The fourth step is contact enrichment. Multiple email addresses, several social profiles, and one or more phone numbers typically come back from enrichment services for a given target. Picking the right primary contact involves pattern matching with edge cases. The system has to make determinations like “this LinkedIn URL is the right John Smith; that one is not”, or “this address is the work account; that one is personal.” Mid-low tier public models handle this kind of work well, and spending top-tier money here does not buy better answers.

The fifth and last step is email personalization. The pipeline writes a short personalized opening for each qualified prospect, drawing on what the earlier steps produced. This is where capability matters most, because the output is read by a human, and a weaker model gives itself away through awkward phrasing, generic praise, or subtle factual inaccuracies. This is the one step where I pay up for a mid-high tier model to get results I’m satisified with.

The Trade-offs Worth Understanding

Smaller models are cheaper and faster, but they produce more false positives and more false negatives. The trade-off is real.

What matters is that the tolerance for each error type differs sharply by step. A false negative at step two (a good prospect filtered out) is usually acceptable because the candidate volume is large. A false positive at step two (a bad prospect survives) is also acceptable, because step three catches most of them. The same errors at step five (email personalization) are entirely different. However, a false positive at step five goes out the door with my name attached, and the cost is measured in deliverability damage, reply quality, and goodwill, not in compute costs.
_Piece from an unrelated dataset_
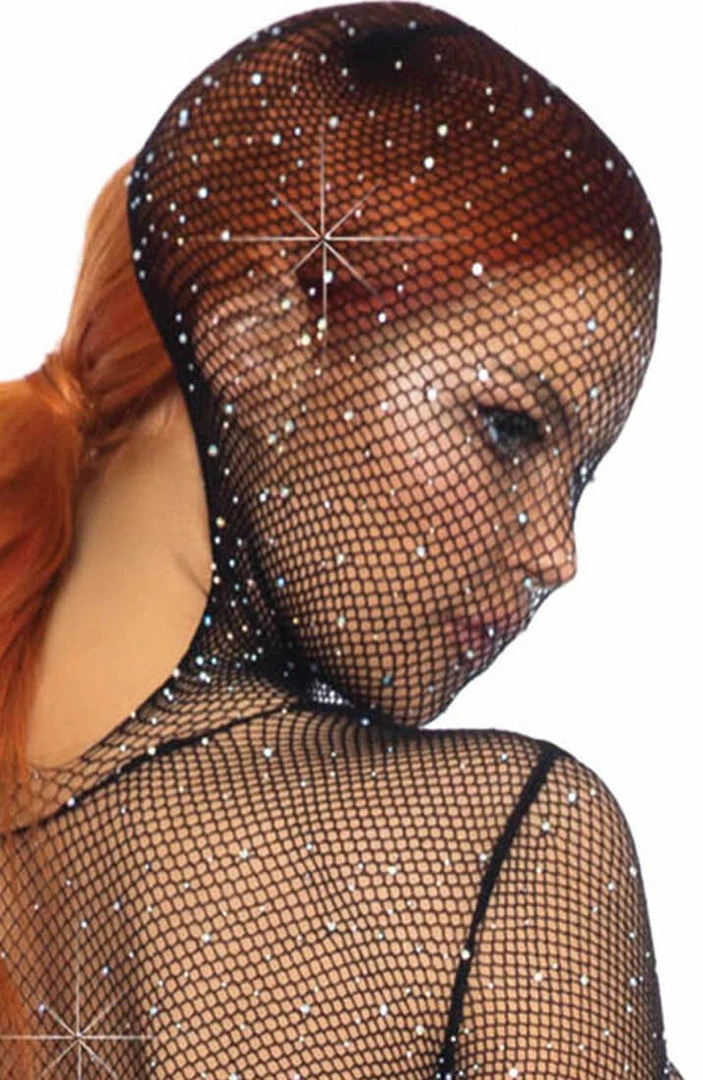 Black fishnet bodysuit with long sleeves and an erotic hood. The bodysuit is decorated with sparkling rhinestones ALL OVER!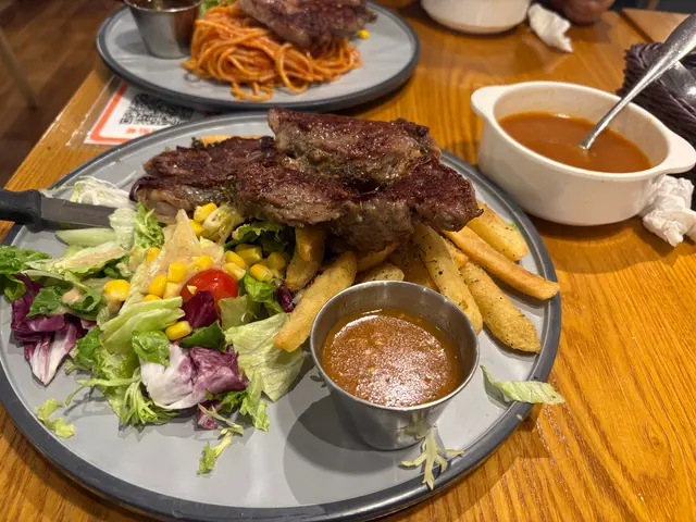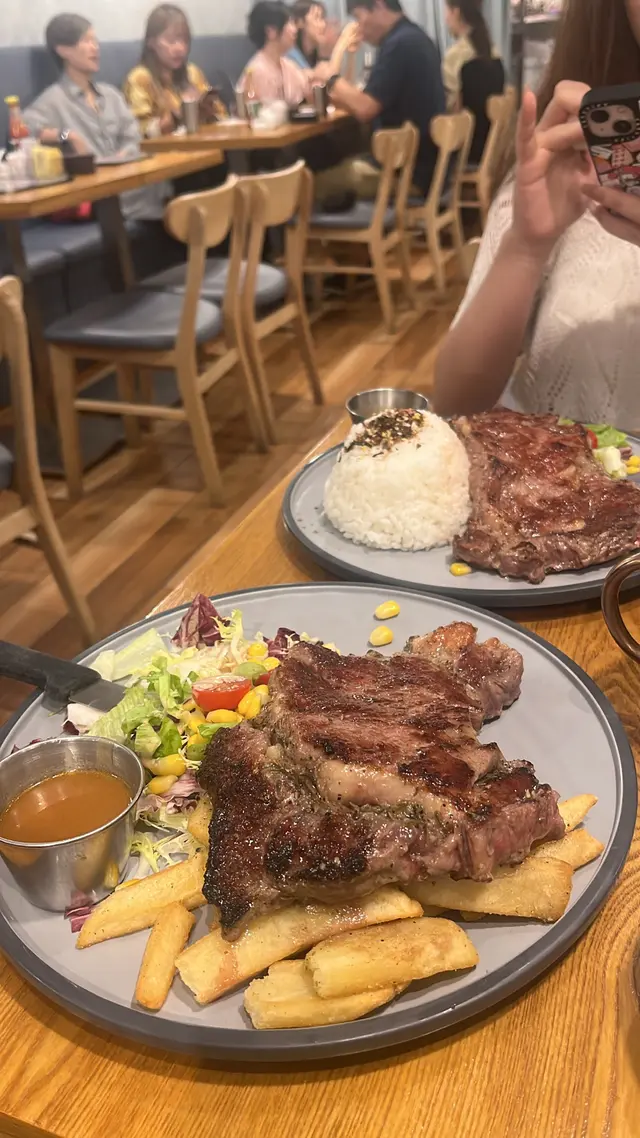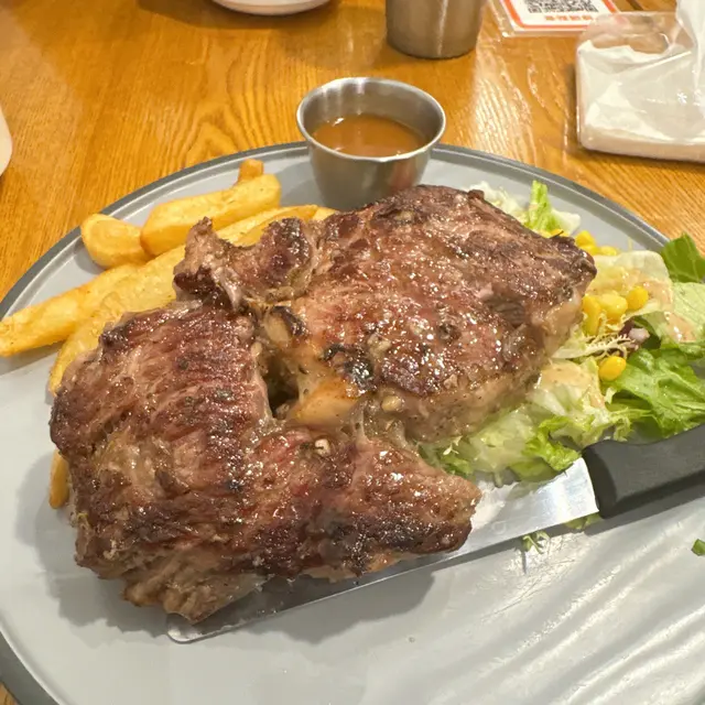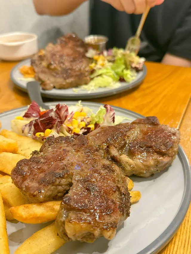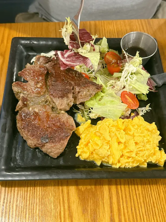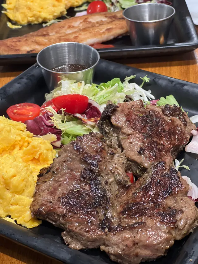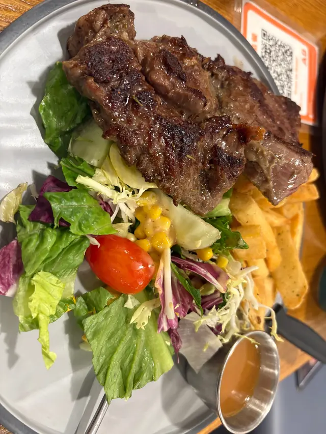 其士商業中心上到一樓轉左就見到門口睇落低調枱同枱之間唔會太逼,幾適合同朋友去叫咗個,嗌咗七成熟牛扒切開微微粉紅咬落鬆化得嚟仲有肉汁!配埋佢哋個香蒜汁,惹味但唔會蓋過牛味薯菜份量都足個薯仔烤到外脆內軟,真心抵讚朋友嗌咗,沙律菜炒蛋滑溜溜配五成熟牛扒,佢話食完冇罪惡感另外試咗杯奶蓋濃郁朱古力,$10咋!濃郁,朱古力味夠晒濃飲完想encore~整體嚟講呢度價錢合理(人均$100樓下)食物有心思環境舒服唔錯…查看更多

The asymmetry that matters most is this: paying more at the right step buys you results; paying more at the wrong step just spends money. Most of the over-spend I see in production AI pipelines comes from defaulting to a top-tier model at every step because it is simpler to configure.

If you can’t live with the false-positive and false-negative rates at a given step, you have two honest choices. You can either upgrade the model at that step, or you can add a downstream verification step that catches the errors before they compound. The second option is often the cheaper one and typically results in equally effective results.

Web Search Is Its Own Trade-off

Even before the model selection question, the search layer constrains what the rest of the pipeline can see. Ranking quality matters, and prospects who fit your customer profile but have weak SEO will not surface in the top results. Incomplete information shows up at the snippet level, and it isn’t unusual for the qualifying signal to be missing from the snippet itself (which is one reason the snippet filter has to be fast and cheap). Anti-bot blocking is increasingly common with a growing number of websites refusing to render for headless browsers, which means the website qualification step returns nothing usable for those accounts. None of these are AI problems, but they decide how much of your candidate pool ever makes it into the pipeline. When using web search APIs, you must test to determine if the result set is good enough for your purposes — if not, there is no point in proceeding.

Closing

The transferable point is the same across help desk triage, invoice intake, resume screening, and prospecting. Anywhere you have judgement-heavy work with enough structure to pipeline it, the model-selection logic applies. The pipeline shape changes from one use case to another but the principles do not.

Pick the cheapest model that can do each job well enough at that step and only pay more where false positives are expensive. Do not pay more where the next step will catch the noise anyway.